Os custos de produção do ouro e da prata

Embora o custo para produzir metais preciosos tenha aumentado na última década, a prata foi a mais impactada em comparação com seu preço de mercado. Assim, a indústria primária de mineração de prata está experimentando margens de lucro muito mais baixas do que a indústria primária de mineração de ouro. Isso agora sugere que o PREÇO DE PISO da prata aumentou para o nível de US$ 20. O custo combinado dos 2 principais produtores de prata foi de US$ 20,78 com base no preço à vista de US$ 24,28. Assim, a margem de lucro foi de 14,4%. O custo combinado dos 2 principais produtores de ouro foi de US$ 1.212 com base no preço à vista de US$ 1.796. Os principais mineradores de ouro tiveram uma margem de lucro de 32,5%, mais que o dobro dos mineradores de prata.
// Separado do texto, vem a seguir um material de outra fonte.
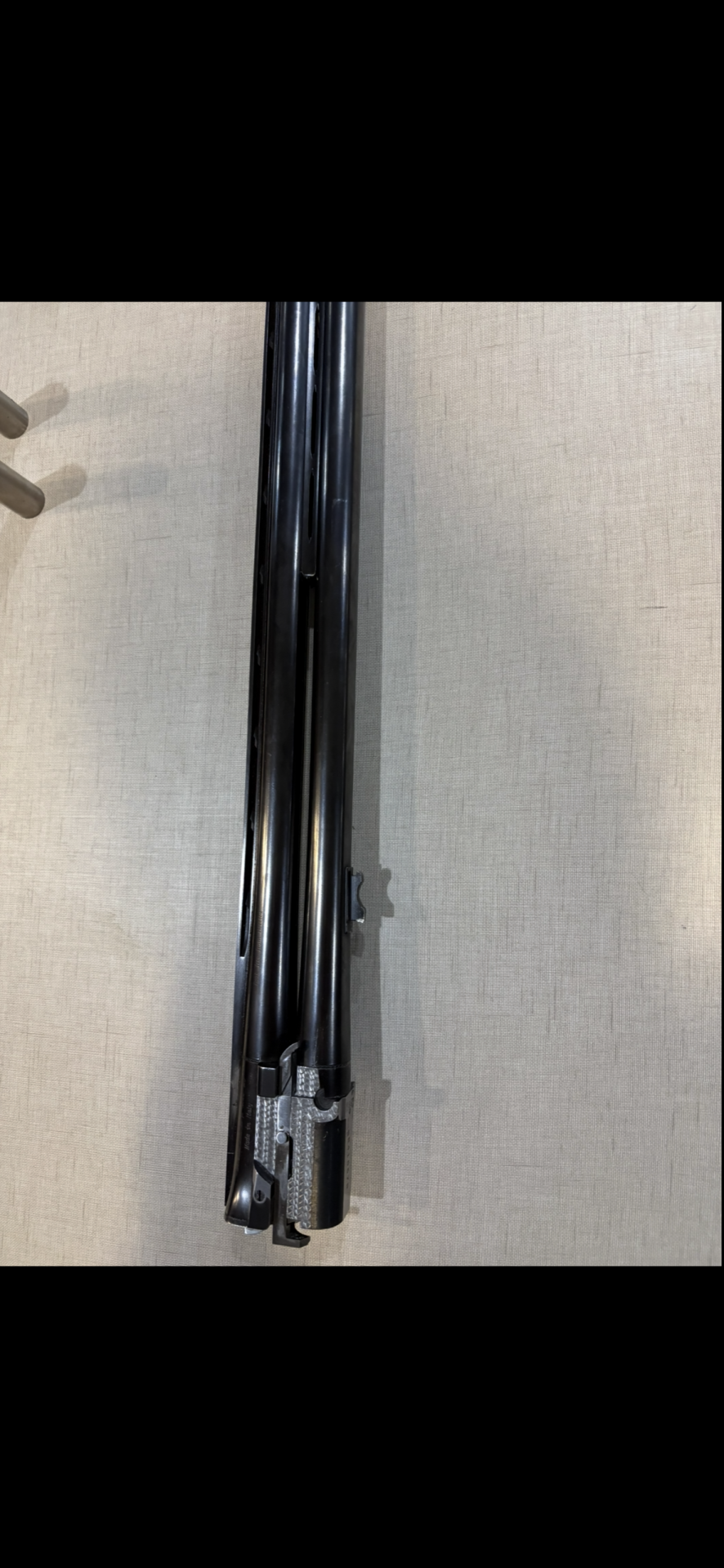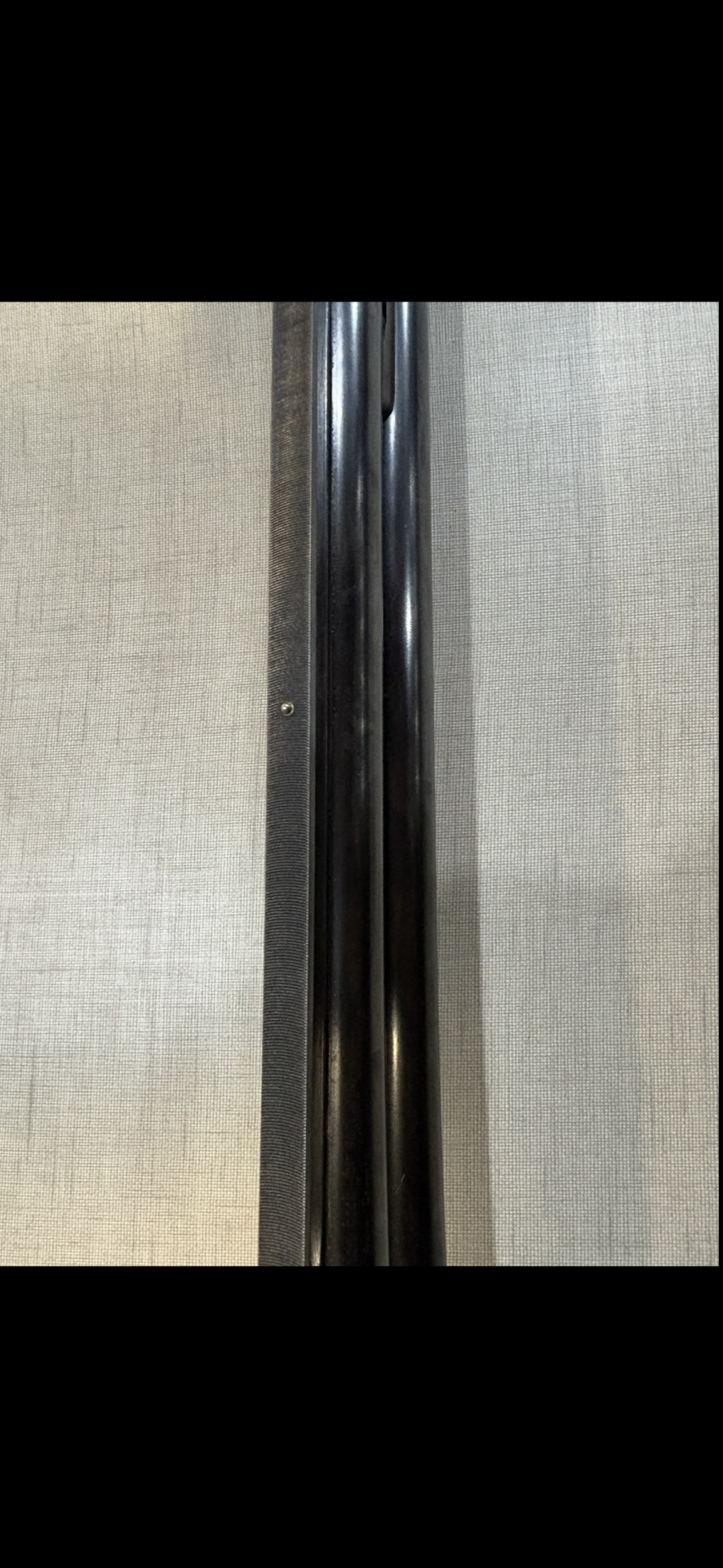 Cano duplo metálico de espingarda sobre superfície bege texturizada

Independentemente disso, podemos ver claramente que, no final de 2021, os principais mineradores de prata estavam obtendo muito menos lucro do que os principais mineradores de ouro. Isso significa que o preço mínimo de prata subiu para o nível de US$ 20 a US$ 21, com base no preço do petróleo de US$ 77 no quarto trimestre de 2021 versus US$ 94 no primeiro trimestre de 2022. O preço do petróleo fechou em 22% em um trimestre, sugerindo que o custo de produção ouro e prata subiram. Com o preço spot atual da prata em US$ 24,82 e o custo estimado do quarto trimestre de 2021 em US$ 20,72, isso seria uma margem de lucro de 20%. No entanto, o custo de produção de prata provavelmente aumentou para pelo menos US $ 22 por onça, sugerindo apenas uma margem de lucro de 13%. Assim, podemos ver claramente que não há muita margem para o lucro dos mineradores de prata. Se você não tiver NADA em METAIS PRECIOSOS, é aconselhável iniciar comprando uma certa quantia a cada mês ou período de tempo. Embora possamos ver preços mais baixos durante a desaceleração econômica, também podemos ver mais investidores de metais preciosos exigindo ainda mais produtos… aumentando ainda mais os prêmios pelo metal físico. (fonte)

A mídia de massa já está noticiando: “proteção com ouro, prata e commodities”

Ao InfoMoney, Jim Rogers, ex-sócio de George Soros diz que fim da guerra na Ucrânia dará respiro, mas cenário negativo pode se instalar ainda neste ano ou no próximo.